● **Information shown**

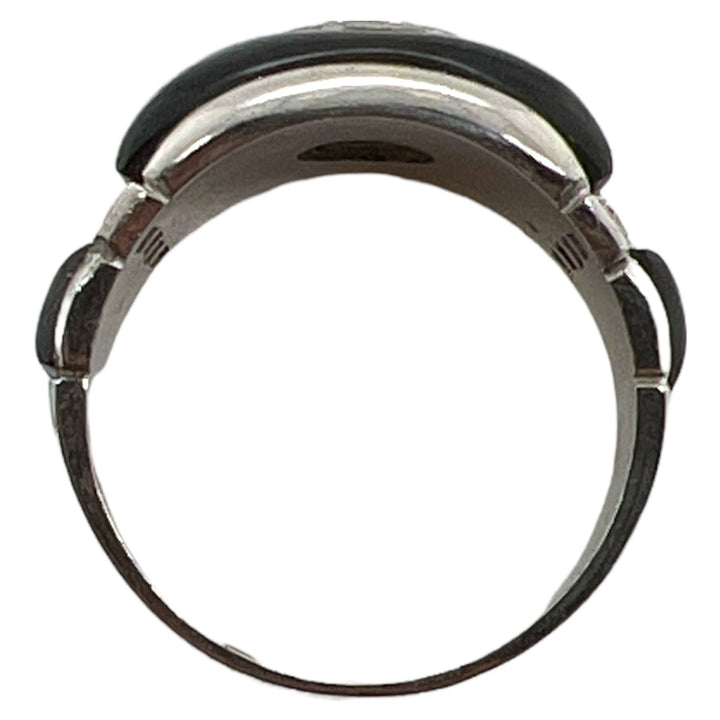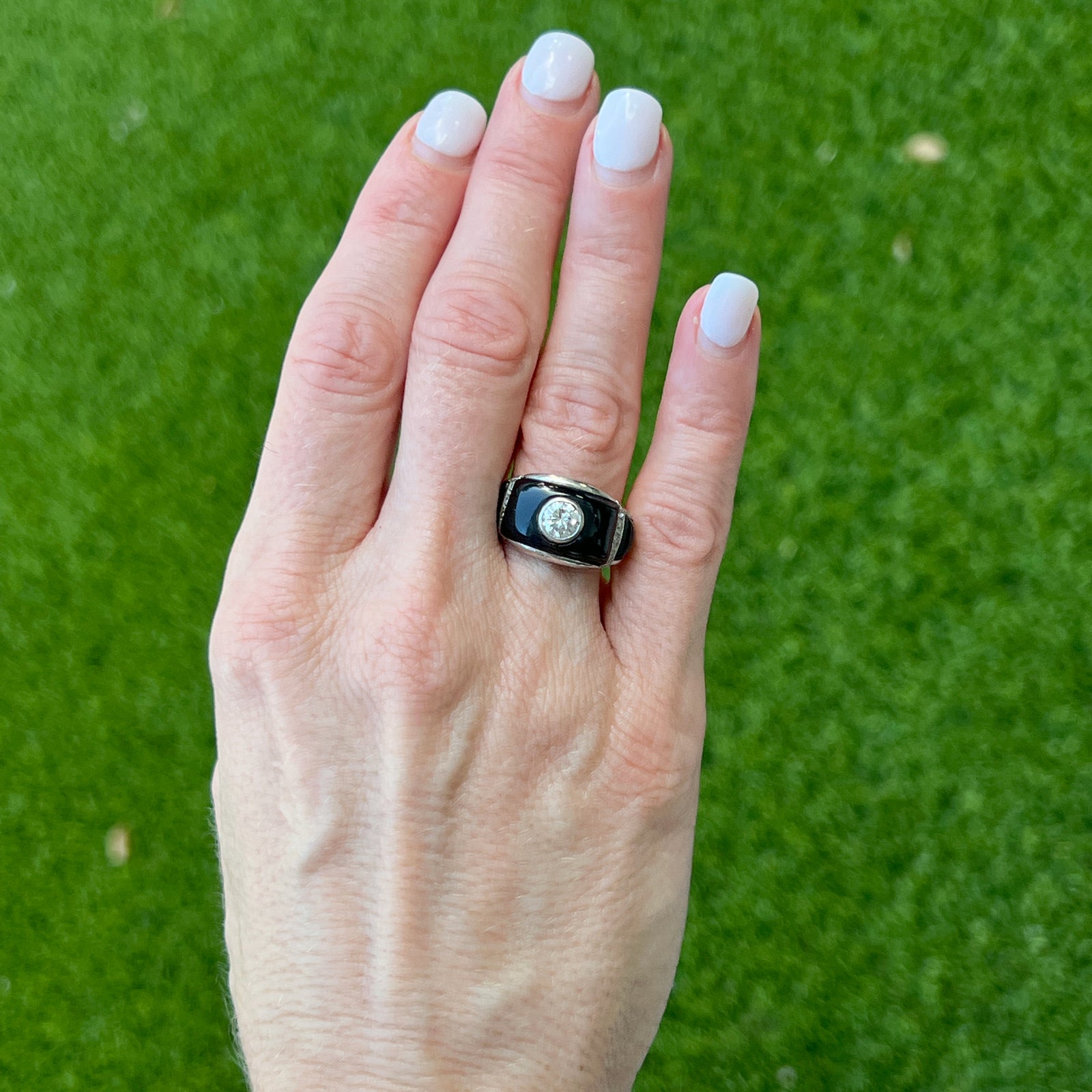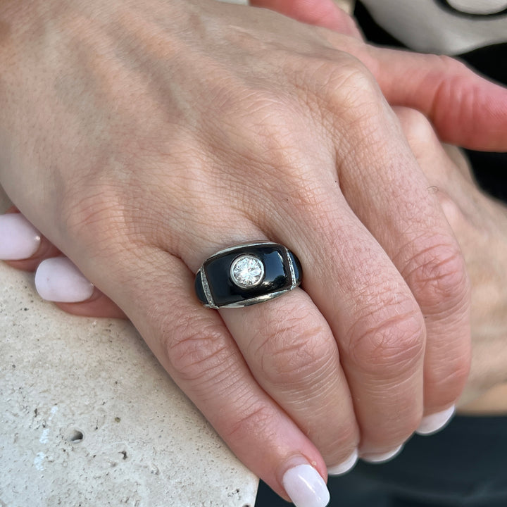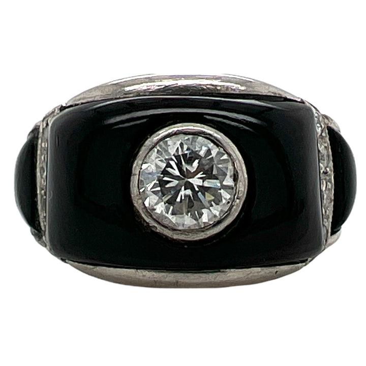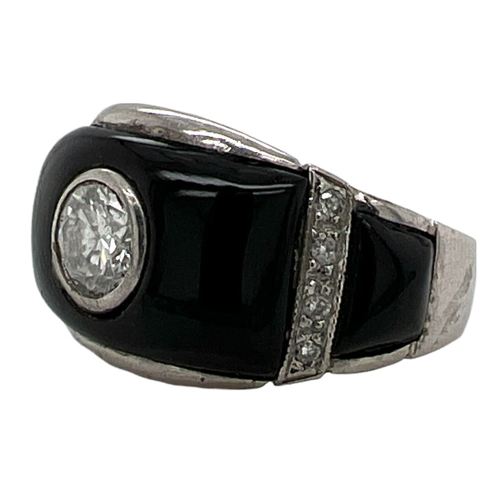 Beautiful Art Deco diamond and onyx cocktail ring handcrafted in platinum. The ring features a bezel set Old European cut diamond weighing approximately .60 carats, and another 8 side diamonds weighing another .12 carats. The diamonds are graded F-G color and SI1 clarity. The ring graduates measuring 3.5- 12.3mm in width, and is currently size 7 (can be sized).
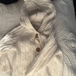 En vit kofta med flätmönster och knappar framtill. Koftan har långa ärmar och en rund halsringning. Passar bra för att komplettera en outfit.
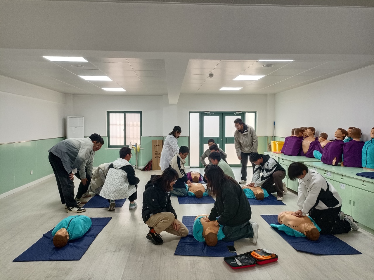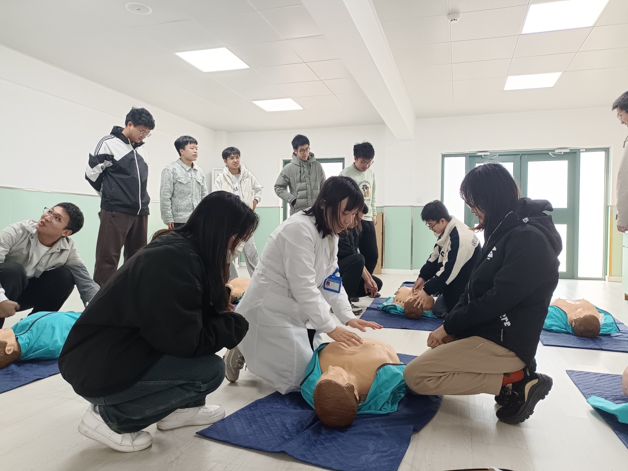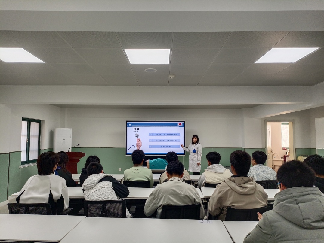 培训的最后是实践操作环节,学生们认真观察医护人员的演示,积极进行模拟操作,医护人员在旁耐心指导,及时纠正不规范动作,确保每位学生都能掌握心肺复苏的核心技巧。

● **What you have to do**
The response should be the full material, repeated exactly, with images removed.

● **Finished exercise**
 Beautiful Art Deco diamond and onyx cocktail ring handcrafted in platinum. The ring features a bezel set Old European cut diamond weighing approximately .60 carats, and another 8 side diamonds weighing another .12 carats. The diamonds are graded F-G color and SI1 clarity. The ring graduates measuring 3.5- 12.3mm in width, and is currently size 7 (can be sized).
 En vit kofta med flätmönster och knappar framtill. Koftan har långa ärmar och en rund halsringning. Passar bra för att komplettera en outfit.
 培训的最后是实践操作环节,学生们认真观察医护人员的演示,积极进行模拟操作,医护人员在旁耐心指导,及时纠正不规范动作,确保每位学生都能掌握心肺复苏的核心技巧。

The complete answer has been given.